Work required:
Could you set down exactly the lines in the records below between the line holding "Muchas personas quedan" and the line holding "Si hablamos sobre", inclusive?

Data to process:
# # #
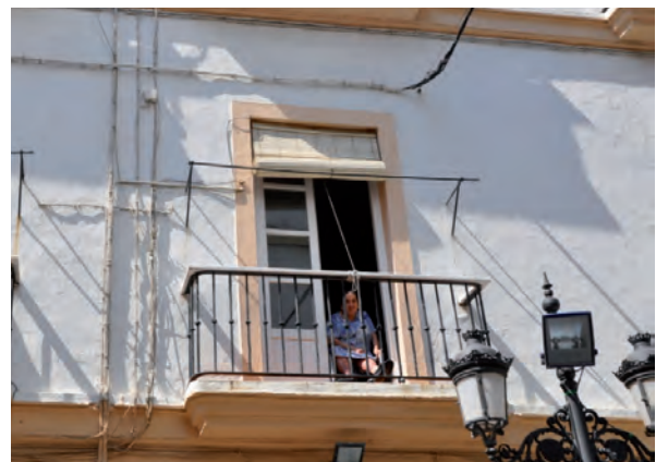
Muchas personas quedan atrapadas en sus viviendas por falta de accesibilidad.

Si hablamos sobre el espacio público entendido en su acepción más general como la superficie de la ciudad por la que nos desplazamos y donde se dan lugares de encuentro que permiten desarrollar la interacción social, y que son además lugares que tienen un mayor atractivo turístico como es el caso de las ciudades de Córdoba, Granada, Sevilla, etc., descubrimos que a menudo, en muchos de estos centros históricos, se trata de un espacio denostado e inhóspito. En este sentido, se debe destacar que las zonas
# # #
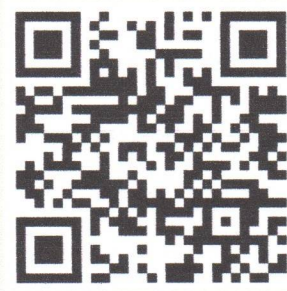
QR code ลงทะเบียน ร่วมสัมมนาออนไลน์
# # #
Answer section:
Muchas personas quedan atrapadas en sus viviendas por falta de accesibilidad.

Si hablamos sobre el espacio público entendido en su acepción más general como la superficie de la ciudad por la que nos desplazamos y donde se dan lugares de encuentro que permiten desarrollar la interacción social, y que son además lugares que tienen un mayor atractivo turístico como es el caso de las ciudades de Córdoba, Granada, Sevilla, etc., descubrimos que a menudo, en muchos de estos centros históricos, se trata de un espacio denostado e inhóspito. En este sentido, se debe destacar que las zonas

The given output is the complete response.